Sunday, December 11, 2016
Awkwardness Ahead: Did I Just Gaijin Smash?!
However, I wonder if most often the Gaijin Smash is done completely unintentionally and therefore goes unrecorded. For example, a foreigner tries to get some service that is perfectly routine in their own country, and simply don't know that it's not done here, so you end up with the American saying "No pickles or tomatoes please!" in the foodcourt hamburger place while the poor little baito highschool kid behind the counter flusters with the manager about whether a pickle and tomato-less order can possibly be served, the manager sighs but comes out and makes the hamburger himself--a disruption of the hamburger-building line which will make the next 5 orders a minute late each--smiling as if nothing is amiss. The blissfully unaware American customer accepts his custom order as a matter of course.
It just (maybe??) happened to me, for the nth time.
I went into a bakery to get a stollen for a friend. Stollen are German fruit breads eaten during the Christmas season (not to be confused with fruitcake; stollen are quite delicious), and for some reason a staple in Japanese bakeries this time of year, but for a high price--perhaps because of the amount of butter and marzipan used. They're a little fancy and make good Christmas/end of the year gifts. Anyway, I went into the shop, and there were baskets of stollen in all sizes, some the size of Baby Jesus boxed up and sporting price tags over $50. That's not quite appropriate so I go for the smallest unboxed stollen for $10, and right next to it is a sign that says, WE'LL WRAP YOUR STOLLEN IN THIS CUTE GIFT BAG FOR ONLY 50 CENTS MORE!! Great! Wrapping cuteness all taken care of. I get my stollen and get in line. When it's my turn, I say in Japanese, "I'll have it gift-wrapped, please." And then it happens. The little baito girl makes the batsu X sign with her arms and shouts in English, "NO WRAPPING!"
What?? Did I misunderstand the sign? But it was right on the basket of mini stollen. I read it like 4 times to make sure, because I always want to avoid these kinds of situations.

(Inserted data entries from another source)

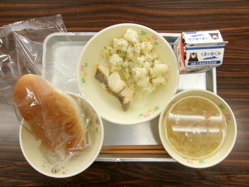 今日の献立は、ミルクパン、ホキのムニエル、粉ふきいも、野菜スープ、牛乳でした。
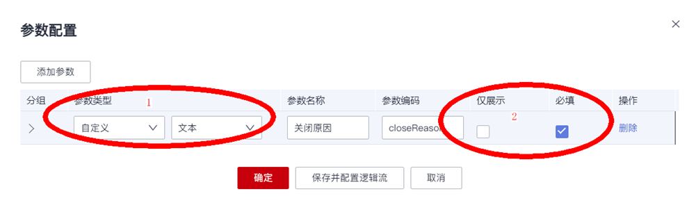 针对“关闭订单”操作,我们添加一个“自定义”类型的参数,字段类型选“文本”,然后填写参数在前端显示的名称,以及用于后台传递的“参数编码”,最后勾选“必填”,完成参数配置。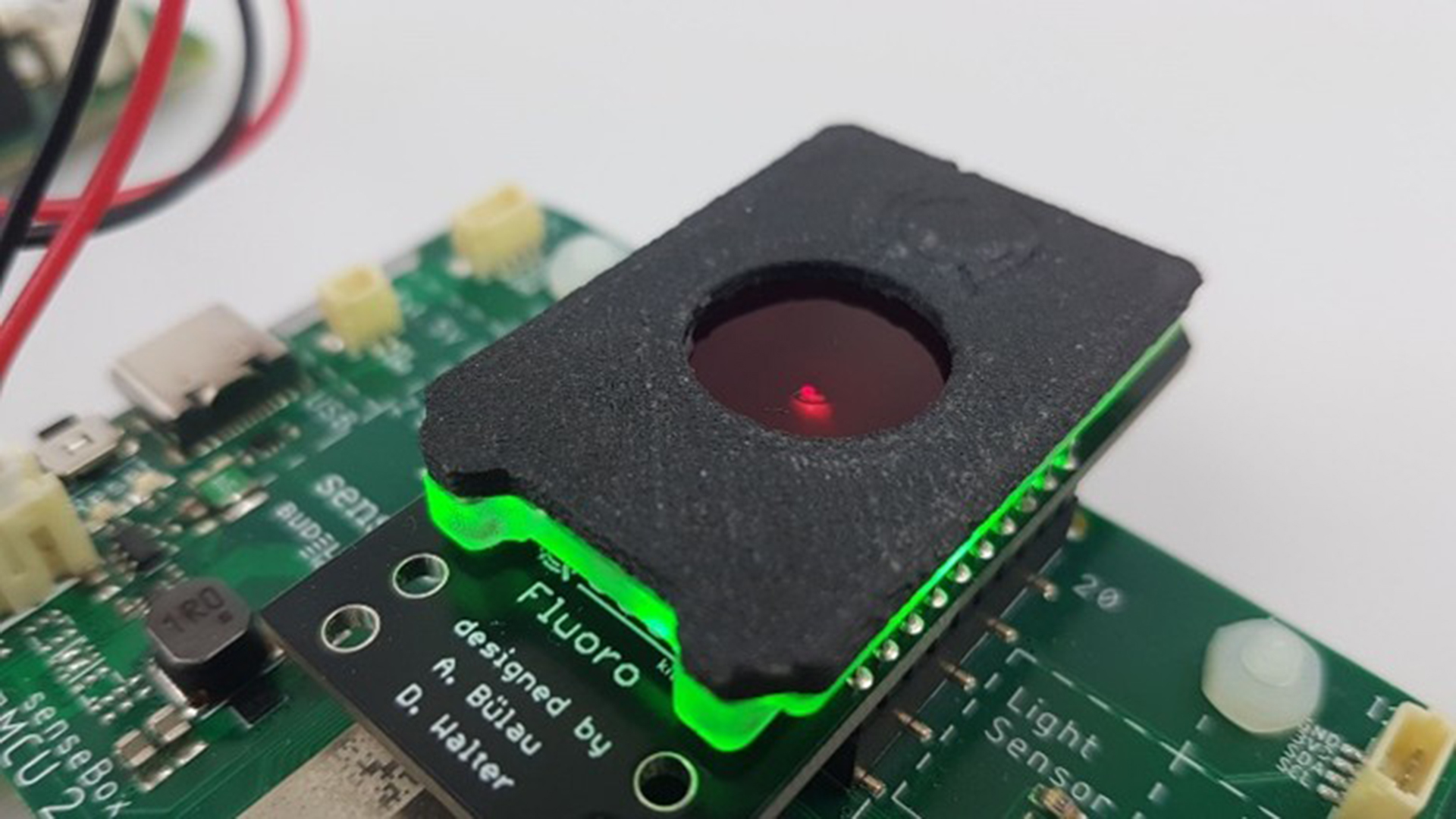 Demonstrator: QOOOL Kit Fluoro, Aufsteckmodul für die senseBox, zur Vermittlung von Fluoreszenz in Diamanten an vier verschieden farbenen LEDs (rot, amber, grün, blau)

Then I see it, on the counter, right next to me, another basket of the mini stollen with the same sign. So I do it, the Gaijin Smash. I persist. I'm no good at wrapping baked goods to look cute by Japanese standards. I need this wrapped! I point to the sign in desperation, "Can't I get it wrapped like this?" The poor girl disappears to the back of the shop to confer with manager. Manager appears, smiling angelically while she digs around in some drawers and finally produces the little bag identical to the one on the sign. I stare at the bag. I know how things are typically done here. It is definitely a mini stollen-sized bag. It could have no other purpose...right? I felt hot color rising from my neck into my cheeks and ears. I must have read the sign wrong. I must have missed some fine print, like "when combined with a Snowman Bun" or "after December 15th." If so, why wouldn't they explain it to me? Why just awkward smiles while fumblingly fulfilling my request?
Perhaps the girl simply didn't know about the shop's stollen campaign. Perhaps she showed up from classes 2 minutes before her shift began and manager had no time to explain about the bags. Perhaps no one was buying mini stollen and asking for them wrapped, and it was their first time. The thing is, service is usually so good in Japan, so smooth and polished, that instances like these always make me doubt my Japanese skills and wonder if I'm in the midst of committing another unintentional Gaijin Smash.
In this case, like most others, I'll never know if the problem was mine or theirs. But at least I got my stollen, wrapped.
And that's how the awkwardness goes most days, of trying to feel like a functioning adult in this society, and being reminded otherwise more often than I'd like.